But read for yourself:

The traditional structure of kashrut includes many gezeirot which are in place to prevent the possibility of tasting a forbidden substance. The most widely known is the requirement to use separate dishes for meat and dairy. It is thus an assumption of the system of kashrut that pots, dishes, and utensils absorb food and tastes and exude them back out, possibly resulting in tasting a forbidden combination. We can see that the rabbis concern was with the absorption of the taste of the food being cooked in the pot from the discussion at the end of Avodah Zarah about how a Gentile’s pots are forbidden from use because of the flavors they might have absorbed. The Gemara in fact concludes that if the pot had not been used in 24 hours, it is permitted to use it, even without washing. There is an implication that if the pot is washed you don’t have to wait 24 hours—it says that the rabbis decreed the pot has to be washed whether or not 24 hours have passed because of people who don’t wait 24 hours.[27] At one time, not everyone was so stringent about the treatment of meat and dairy dishes; in Beit Yosef, Joseph Karo expresses surprise that Baal Haitur allowed cooking dairy in a pot that had been used to cook meat, even the same day.[28]

In the 1500 years that have transpired since the end of the rabbinic period, methods of food preparation have changed dramatically. In developed countries with stringent health regulations and industrial strength dishwashers, we can be reasonably confident that pots, pans, and dishes (unlike grills) will not impart forbidden tastes. Modern cookware and plates are non-porous, and going through an industrial dishwasher would certainly remove tastes as effectively as kashering in boiling water. Any small particles that survived a trip through a dishwasher would certainly meet most people’s definition of a tam lifgam, a disgusting taste, which cannot render something unkosher. Thus, many of the fences relating to dishes might not be relevant today.
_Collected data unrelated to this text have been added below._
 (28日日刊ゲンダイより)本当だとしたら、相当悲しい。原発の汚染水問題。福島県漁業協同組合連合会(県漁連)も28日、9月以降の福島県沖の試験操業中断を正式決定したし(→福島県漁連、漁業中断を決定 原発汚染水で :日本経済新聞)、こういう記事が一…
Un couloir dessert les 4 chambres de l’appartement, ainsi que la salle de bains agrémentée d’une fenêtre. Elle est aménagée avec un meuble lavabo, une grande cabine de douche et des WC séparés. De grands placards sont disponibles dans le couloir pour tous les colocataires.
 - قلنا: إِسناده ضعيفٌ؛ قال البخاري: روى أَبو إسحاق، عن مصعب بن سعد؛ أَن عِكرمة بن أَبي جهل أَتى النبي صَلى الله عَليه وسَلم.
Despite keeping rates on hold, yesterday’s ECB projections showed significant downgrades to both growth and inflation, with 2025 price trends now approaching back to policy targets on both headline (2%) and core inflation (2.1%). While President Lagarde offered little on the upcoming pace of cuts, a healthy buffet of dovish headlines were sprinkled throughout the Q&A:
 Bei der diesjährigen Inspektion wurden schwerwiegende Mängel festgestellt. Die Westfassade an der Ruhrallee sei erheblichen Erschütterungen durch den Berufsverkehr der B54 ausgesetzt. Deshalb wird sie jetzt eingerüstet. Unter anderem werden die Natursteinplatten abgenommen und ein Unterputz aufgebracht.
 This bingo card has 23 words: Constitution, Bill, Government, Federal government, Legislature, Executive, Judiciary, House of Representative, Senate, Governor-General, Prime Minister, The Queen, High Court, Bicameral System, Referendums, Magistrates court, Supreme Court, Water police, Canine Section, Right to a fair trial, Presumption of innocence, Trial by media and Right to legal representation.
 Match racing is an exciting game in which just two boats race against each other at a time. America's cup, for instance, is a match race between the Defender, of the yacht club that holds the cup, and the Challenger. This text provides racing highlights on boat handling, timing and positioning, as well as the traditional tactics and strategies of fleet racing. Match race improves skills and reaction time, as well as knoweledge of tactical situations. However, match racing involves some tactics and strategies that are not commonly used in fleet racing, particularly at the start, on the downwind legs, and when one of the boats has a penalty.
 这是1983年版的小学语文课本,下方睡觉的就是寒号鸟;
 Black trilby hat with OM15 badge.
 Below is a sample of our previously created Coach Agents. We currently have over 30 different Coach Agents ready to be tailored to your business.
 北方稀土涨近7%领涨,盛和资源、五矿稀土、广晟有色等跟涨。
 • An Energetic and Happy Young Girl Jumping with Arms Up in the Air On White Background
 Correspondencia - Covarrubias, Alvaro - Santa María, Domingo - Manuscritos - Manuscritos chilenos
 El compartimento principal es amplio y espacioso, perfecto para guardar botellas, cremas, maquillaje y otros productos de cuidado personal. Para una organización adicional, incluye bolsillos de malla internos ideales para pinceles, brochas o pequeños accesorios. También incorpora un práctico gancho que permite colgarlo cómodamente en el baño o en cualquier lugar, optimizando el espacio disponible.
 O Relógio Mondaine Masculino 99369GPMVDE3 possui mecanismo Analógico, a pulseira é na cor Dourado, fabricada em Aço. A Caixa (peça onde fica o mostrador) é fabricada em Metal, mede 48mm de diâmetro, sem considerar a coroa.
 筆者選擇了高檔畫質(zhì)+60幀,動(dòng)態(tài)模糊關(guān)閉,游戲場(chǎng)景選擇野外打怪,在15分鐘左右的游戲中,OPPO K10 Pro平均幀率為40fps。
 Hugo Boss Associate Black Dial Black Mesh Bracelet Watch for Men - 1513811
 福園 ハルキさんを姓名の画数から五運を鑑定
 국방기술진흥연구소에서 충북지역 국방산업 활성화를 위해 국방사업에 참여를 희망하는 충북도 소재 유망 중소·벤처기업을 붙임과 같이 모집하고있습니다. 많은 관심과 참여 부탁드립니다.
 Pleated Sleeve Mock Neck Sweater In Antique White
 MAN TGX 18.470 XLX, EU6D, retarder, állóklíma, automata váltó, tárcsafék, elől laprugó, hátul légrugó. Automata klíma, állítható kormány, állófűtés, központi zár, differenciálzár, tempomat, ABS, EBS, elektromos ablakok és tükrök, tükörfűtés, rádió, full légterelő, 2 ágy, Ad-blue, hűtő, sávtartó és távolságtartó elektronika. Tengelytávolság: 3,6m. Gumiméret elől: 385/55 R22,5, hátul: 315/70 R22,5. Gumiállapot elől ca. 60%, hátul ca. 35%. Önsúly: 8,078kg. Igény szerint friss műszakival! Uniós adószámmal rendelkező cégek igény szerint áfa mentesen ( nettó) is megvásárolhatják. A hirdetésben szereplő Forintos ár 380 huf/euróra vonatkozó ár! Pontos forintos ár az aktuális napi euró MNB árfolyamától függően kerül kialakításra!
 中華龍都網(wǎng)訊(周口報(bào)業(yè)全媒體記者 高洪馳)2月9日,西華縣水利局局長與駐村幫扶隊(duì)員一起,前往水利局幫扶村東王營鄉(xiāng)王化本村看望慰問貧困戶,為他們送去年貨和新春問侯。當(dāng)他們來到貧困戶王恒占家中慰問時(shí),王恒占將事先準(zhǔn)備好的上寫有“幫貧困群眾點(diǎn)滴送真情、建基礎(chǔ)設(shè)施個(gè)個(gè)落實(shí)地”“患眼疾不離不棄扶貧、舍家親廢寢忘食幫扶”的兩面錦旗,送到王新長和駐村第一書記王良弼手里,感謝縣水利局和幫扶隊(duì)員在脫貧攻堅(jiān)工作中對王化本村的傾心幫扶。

This may be what has led many observant Jews to overlook these fences in their eating out habits.
. . .

As was stated earlier, if you can avoid eating anything that has more than 1/60 (bitul b’shishim) by volume of a forbidden substance, or that has a forbidden taste, you are not eating anything that is not kosher.

The bitul b’shishim rule is clearly the easier of the two to meet. If you go to a restaurant and order your meal carefully specifying that the meal must not contain any meat substances, asking about potentially troublesome ingredients such as chicken stock in sauce bases, we can be reasonably confident that the food will not contain more than 1/60 of a forbidden substance. But will it acquire a forbidden taste?

The answer is “it depends.” Most restaurants would not grill a piece of fish directly on a grill that had just been used for meat without a very thorough cleaning: it would almost certainly impart an unfavorable flavor. On the other hand, some McDonald’s restaurants serve veggie burgers, but since they are “meat flavored” anyway, they cook them on the same grill with their burgers—and bacon cheeseburgers! Logic would dictate that in such a circumstance there is a serious danger of the food absorbing a forbidden taste, and one should NOT eat such a veggie burger.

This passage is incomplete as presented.